The fourth risk is quiet and compounding: when content is stored as undifferentiated HTML or flattened markdown, every AI operation downstream degrades. Chunk it for retrieval and you slice through the middle of a callout. Generate from it and the model cannot tell a caption from a heading from a legal disclaimer. The structure that carried meaning for human readers is gone, and the LLM is left guessing at boundaries it can no longer see.

This matters most for teams doing translation and reuse at scale. Imagine localizing a long-form guide into eight languages with an automated pipeline: if the rich text is a soup of inline tags, the model mistranslates a product name it should have left alone, or drops the annotation that marked a phrase as a trademark. The output looks plausible and is subtly broken in ways a reviewer in each locale has to catch by hand, which defeats the automation.

Sanity stores rich text as Portable Text, a structured format where blocks, marks, and annotations are first-class data rather than markup to be parsed. That structure survives chunking, retrieval, and generation, so an AI workflow knows precisely what it is operating on. AI Assist can translate the page's headings into multiple locales while leaving annotated terms intact, and Agent Actions can transform a block without shredding its neighbors. Modeling your business as structured content is not a nicety here; it is the precondition for AI operations that stay correct as they scale across formats and languages.

5. Vendor lock-in disguised as an AI feature

The fifth risk is strategic and shows up on a longer horizon: you adopt a CMS's bundled AI button, build workflows around it, and then discover the model, the prompts, and the grounding are a black box you neither control nor can move. The feature demos beautifully. It also welds your content operation to one vendor's roadmap, one model provider, and one set of assumptions about how AI should touch your content, none of which you can change when the landscape shifts, and in AI the landscape shifts every quarter.

The failure is not dramatic; it is slow attrition of optionality. A media company that standardized on a proprietary AI summarizer finds it cannot swap in a better model, cannot inspect why a summary went wrong, and cannot run the same logic in a different channel because the feature only exists inside one editing surface.
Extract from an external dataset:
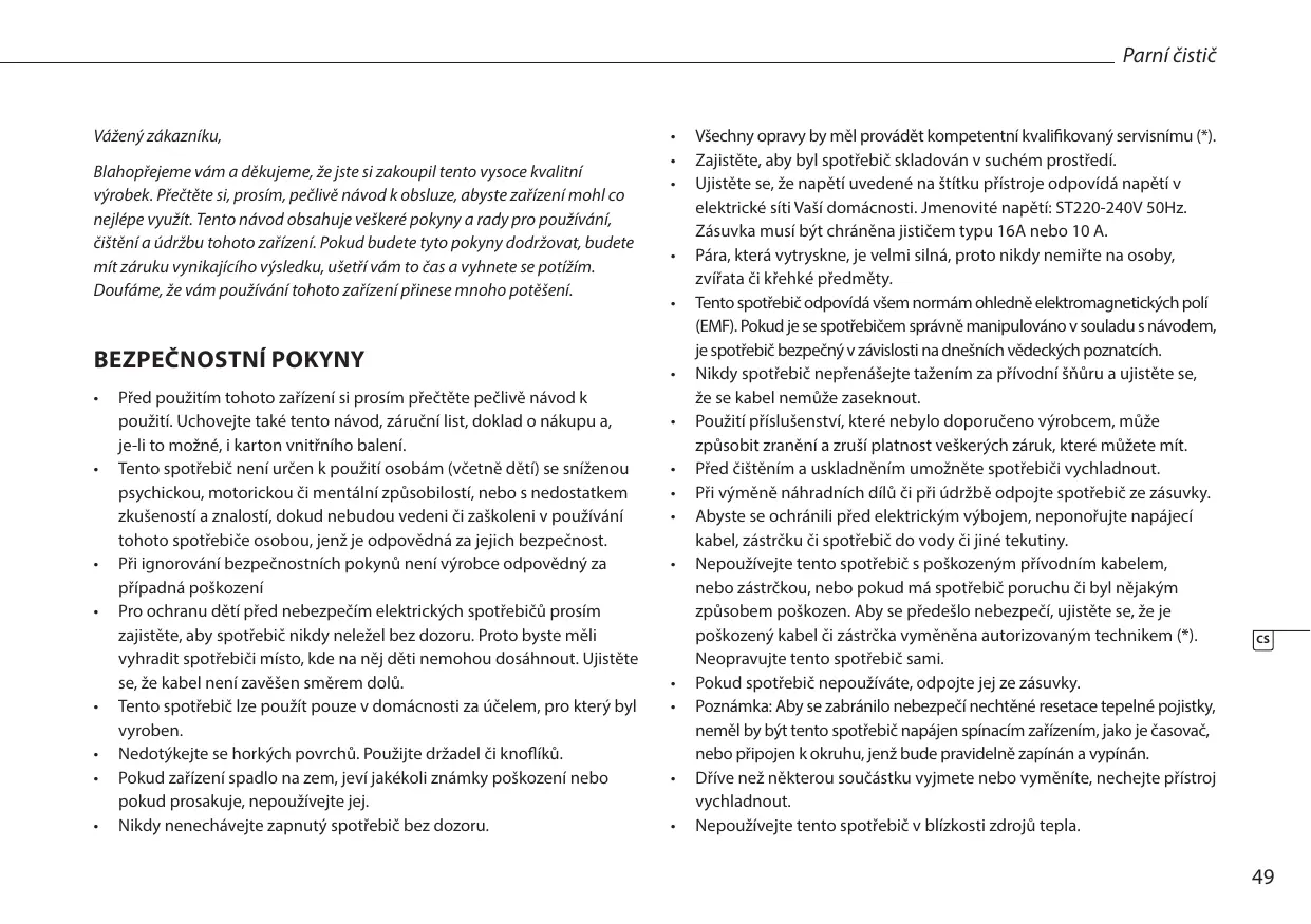 - Před použitím si prosím prěčěte pečlivé námod k použítí. Parní Čisticí lze použít pouze v domácnosti.

The AI was a feature, not a capability, and features expire.

Sanity's distinguishing claim is that AI is wired into the data model, the editor, and the delivery layer rather than added on top as a plugin. The App SDK lets teams build their own in-Studio LLM apps, Functions provide serverless hooks for translate-on-publish or enrich-on-publish automation you own, and the Sanity Context MCP exposes governed content to whichever agents and models you choose. Where legacy CMSes bolt on AI and make you work their way, an AI-native architecture adapts to yours, so the workflows you build this year are not hostage to a single vendor's next pricing change or model deprecation.